▶ **DIRECTIONS FOR THIS TASK**: Could you retype the lines below, starting at the line holding "Với những người" and stopping at the line holding "江戸最初山手七福神の弁財天が", inclusive? Copy them exactly and drop the images.

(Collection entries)
Content starts
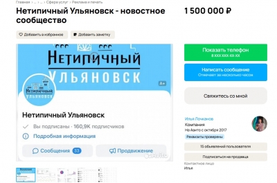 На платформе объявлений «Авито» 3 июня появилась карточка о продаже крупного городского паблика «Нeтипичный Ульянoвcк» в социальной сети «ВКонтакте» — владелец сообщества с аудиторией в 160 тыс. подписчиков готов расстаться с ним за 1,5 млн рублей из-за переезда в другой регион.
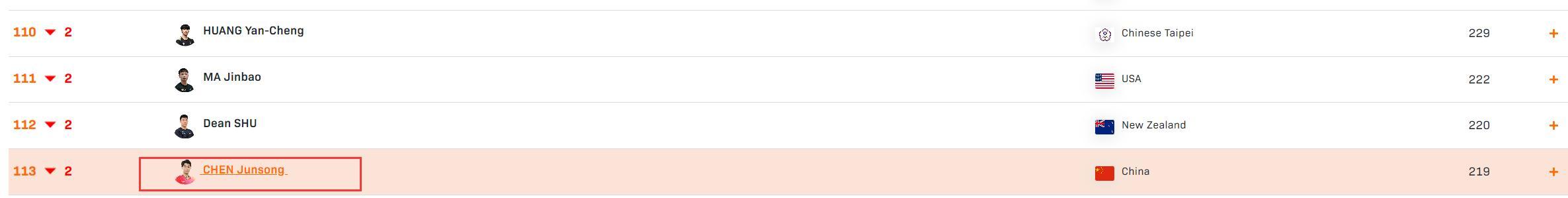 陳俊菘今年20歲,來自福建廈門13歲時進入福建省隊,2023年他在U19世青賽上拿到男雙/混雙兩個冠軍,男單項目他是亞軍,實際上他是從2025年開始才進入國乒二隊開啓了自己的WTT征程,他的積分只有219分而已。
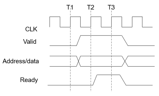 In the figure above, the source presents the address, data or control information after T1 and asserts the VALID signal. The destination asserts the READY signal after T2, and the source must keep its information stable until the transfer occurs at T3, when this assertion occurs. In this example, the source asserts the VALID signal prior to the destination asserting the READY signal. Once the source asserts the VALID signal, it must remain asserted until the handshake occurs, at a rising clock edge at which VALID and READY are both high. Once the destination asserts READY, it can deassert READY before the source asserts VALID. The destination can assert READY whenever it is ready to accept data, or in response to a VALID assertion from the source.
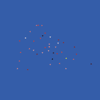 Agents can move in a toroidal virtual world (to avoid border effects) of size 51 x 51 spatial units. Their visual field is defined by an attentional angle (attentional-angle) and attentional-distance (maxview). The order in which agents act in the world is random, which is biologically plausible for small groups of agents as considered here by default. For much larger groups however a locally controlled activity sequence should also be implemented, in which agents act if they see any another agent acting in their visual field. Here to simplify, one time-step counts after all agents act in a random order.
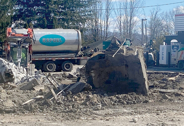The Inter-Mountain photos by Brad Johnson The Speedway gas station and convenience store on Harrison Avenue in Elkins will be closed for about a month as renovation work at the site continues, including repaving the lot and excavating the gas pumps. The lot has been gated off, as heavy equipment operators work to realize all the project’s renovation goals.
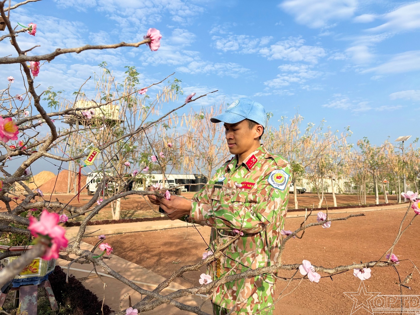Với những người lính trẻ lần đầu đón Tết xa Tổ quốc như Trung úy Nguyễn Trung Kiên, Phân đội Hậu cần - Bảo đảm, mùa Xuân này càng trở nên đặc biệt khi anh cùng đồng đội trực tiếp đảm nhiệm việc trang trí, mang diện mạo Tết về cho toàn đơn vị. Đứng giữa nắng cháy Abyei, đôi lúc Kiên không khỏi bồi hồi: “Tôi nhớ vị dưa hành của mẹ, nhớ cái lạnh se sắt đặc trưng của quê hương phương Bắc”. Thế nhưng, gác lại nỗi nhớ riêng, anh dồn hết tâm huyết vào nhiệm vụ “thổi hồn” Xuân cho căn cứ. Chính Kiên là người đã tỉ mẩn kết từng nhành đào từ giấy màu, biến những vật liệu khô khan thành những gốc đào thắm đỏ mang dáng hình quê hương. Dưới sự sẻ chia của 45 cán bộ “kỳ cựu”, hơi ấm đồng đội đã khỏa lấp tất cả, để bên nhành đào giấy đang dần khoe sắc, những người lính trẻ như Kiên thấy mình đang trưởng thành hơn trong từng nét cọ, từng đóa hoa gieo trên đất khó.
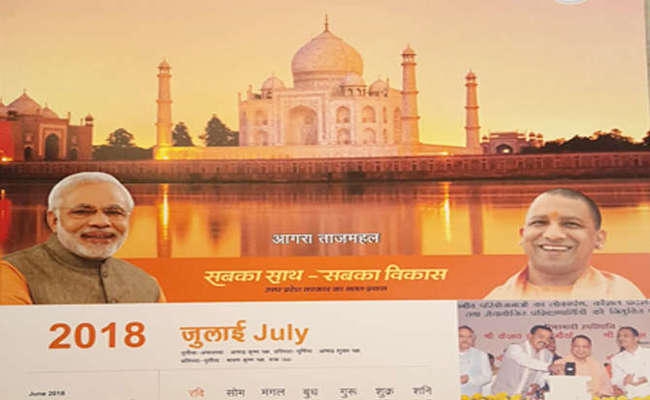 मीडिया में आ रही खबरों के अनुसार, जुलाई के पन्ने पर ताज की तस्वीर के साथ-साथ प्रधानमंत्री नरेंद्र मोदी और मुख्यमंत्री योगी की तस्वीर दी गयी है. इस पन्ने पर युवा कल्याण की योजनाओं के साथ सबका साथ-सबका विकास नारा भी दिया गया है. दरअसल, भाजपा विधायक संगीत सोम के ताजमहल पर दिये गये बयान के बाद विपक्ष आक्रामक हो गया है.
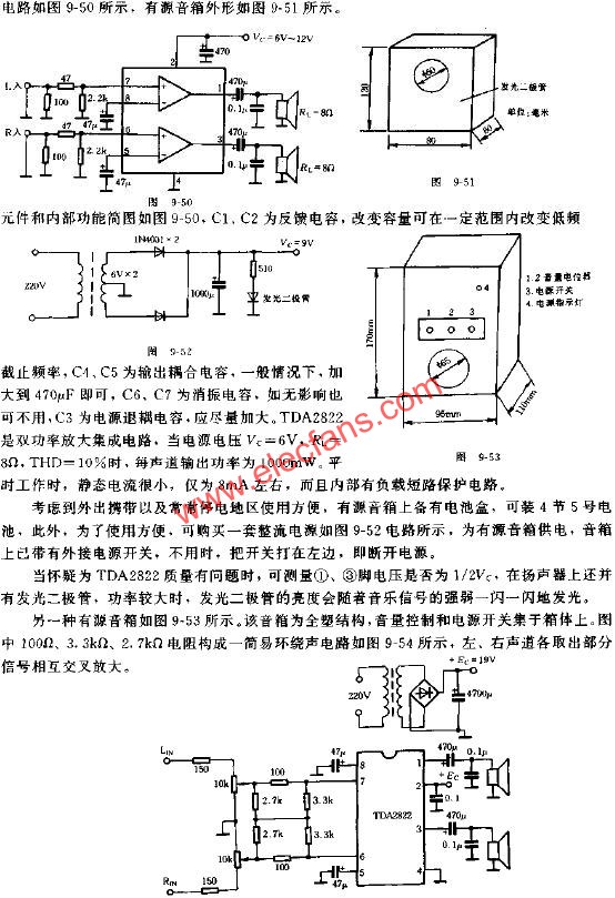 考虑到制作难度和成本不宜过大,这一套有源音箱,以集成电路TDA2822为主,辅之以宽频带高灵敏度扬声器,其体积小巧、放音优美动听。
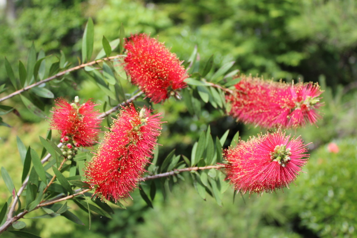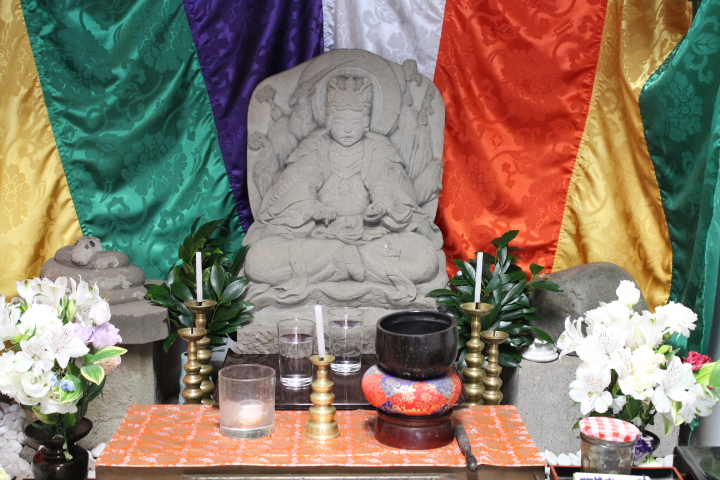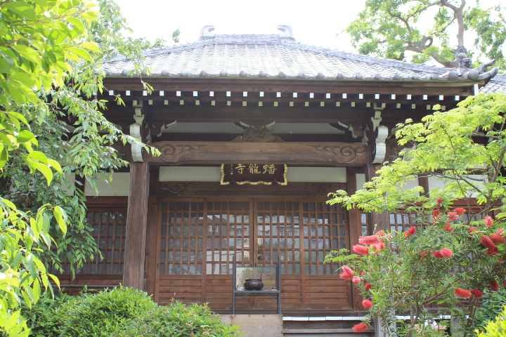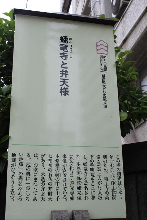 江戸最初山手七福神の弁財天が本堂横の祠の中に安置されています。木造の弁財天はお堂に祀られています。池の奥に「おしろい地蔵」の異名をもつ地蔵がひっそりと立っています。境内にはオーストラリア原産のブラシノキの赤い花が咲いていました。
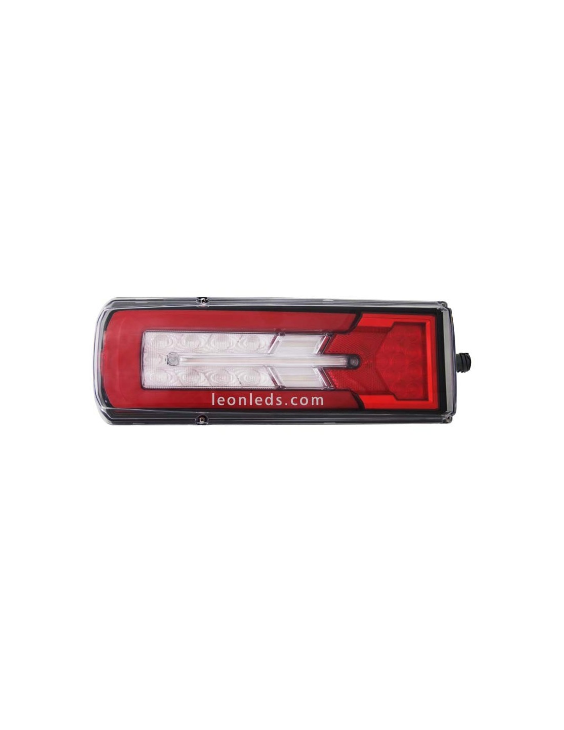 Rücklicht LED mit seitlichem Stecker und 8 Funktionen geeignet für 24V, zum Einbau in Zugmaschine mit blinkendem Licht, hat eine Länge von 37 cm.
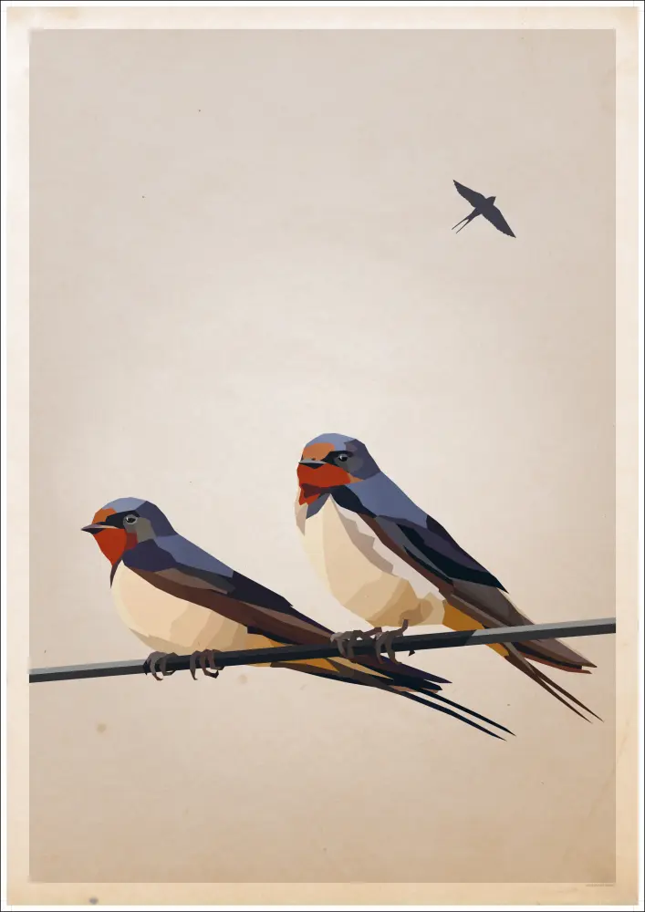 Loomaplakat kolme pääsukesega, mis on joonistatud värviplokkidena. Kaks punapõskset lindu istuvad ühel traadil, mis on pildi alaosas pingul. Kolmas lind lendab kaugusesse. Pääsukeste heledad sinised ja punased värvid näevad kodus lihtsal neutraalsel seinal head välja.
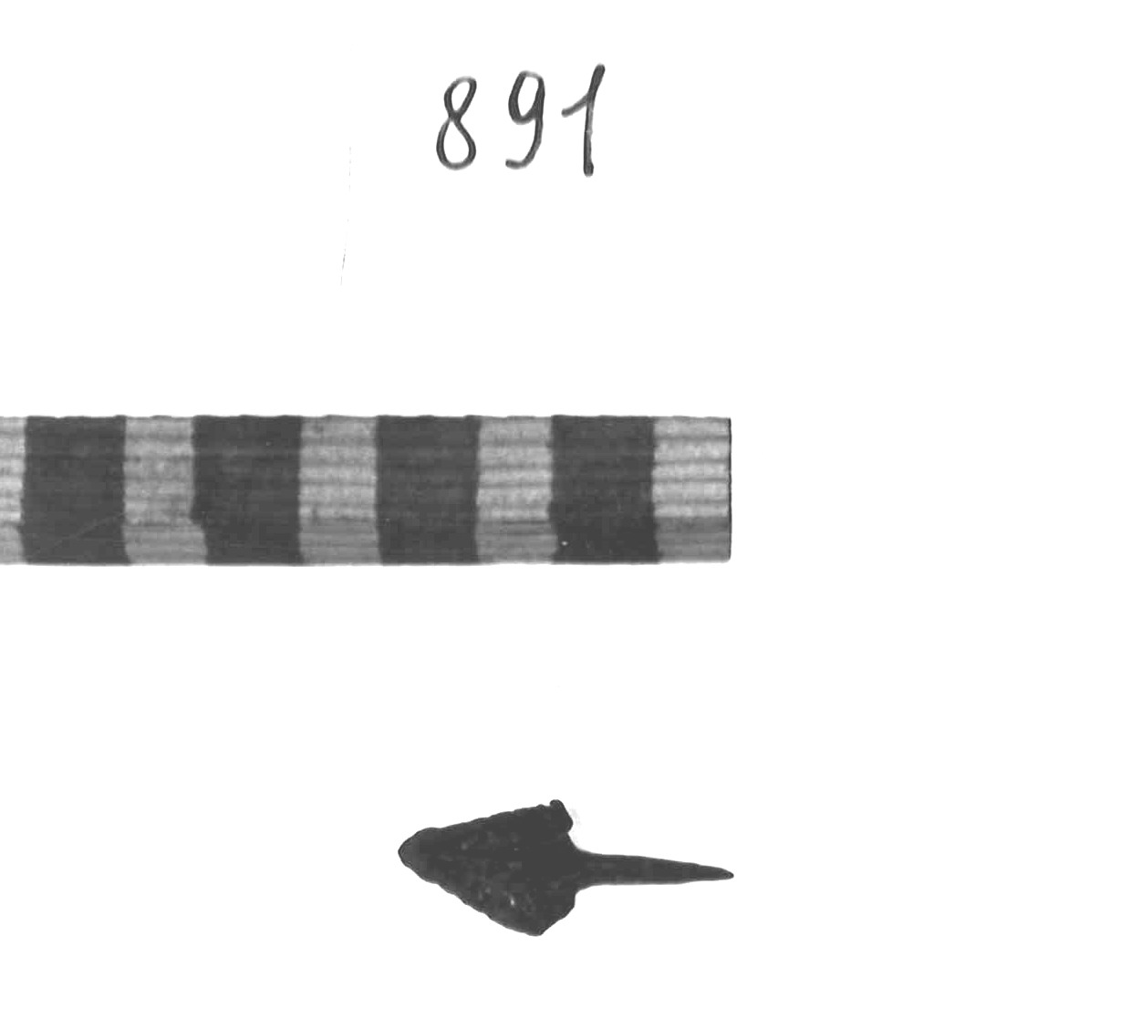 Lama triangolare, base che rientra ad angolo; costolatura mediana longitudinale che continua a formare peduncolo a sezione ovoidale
Content ends
▶ **PROBLEM SOLUTION**:
Với những người lính trẻ lần đầu đón Tết xa Tổ quốc như Trung úy Nguyễn Trung Kiên, Phân đội Hậu cần - Bảo đảm, mùa Xuân này càng trở nên đặc biệt khi anh cùng đồng đội trực tiếp đảm nhiệm việc trang trí, mang diện mạo Tết về cho toàn đơn vị. Đứng giữa nắng cháy Abyei, đôi lúc Kiên không khỏi bồi hồi: “Tôi nhớ vị dưa hành của mẹ, nhớ cái lạnh se sắt đặc trưng của quê hương phương Bắc”. Thế nhưng, gác lại nỗi nhớ riêng, anh dồn hết tâm huyết vào nhiệm vụ “thổi hồn” Xuân cho căn cứ. Chính Kiên là người đã tỉ mẩn kết từng nhành đào từ giấy màu, biến những vật liệu khô khan thành những gốc đào thắm đỏ mang dáng hình quê hương. Dưới sự sẻ chia của 45 cán bộ “kỳ cựu”, hơi ấm đồng đội đã khỏa lấp tất cả, để bên nhành đào giấy đang dần khoe sắc, những người lính trẻ như Kiên thấy mình đang trưởng thành hơn trong từng nét cọ, từng đóa hoa gieo trên đất khó.
 मीडिया में आ रही खबरों के अनुसार, जुलाई के पन्ने पर ताज की तस्वीर के साथ-साथ प्रधानमंत्री नरेंद्र मोदी और मुख्यमंत्री योगी की तस्वीर दी गयी है. इस पन्ने पर युवा कल्याण की योजनाओं के साथ सबका साथ-सबका विकास नारा भी दिया गया है. दरअसल, भाजपा विधायक संगीत सोम के ताजमहल पर दिये गये बयान के बाद विपक्ष आक्रामक हो गया है.
 考虑到制作难度和成本不宜过大,这一套有源音箱,以集成电路TDA2822为主,辅之以宽频带高灵敏度扬声器,其体积小巧、放音优美动听。
 江戸最初山手七福神の弁財天が本堂横の祠の中に安置されています。木造の弁財天はお堂に祀られています。池の奥に「おしろい地蔵」の異名をもつ地蔵がひっそりと立っています。境内にはオーストラリア原産のブラシノキの赤い花が咲いていました。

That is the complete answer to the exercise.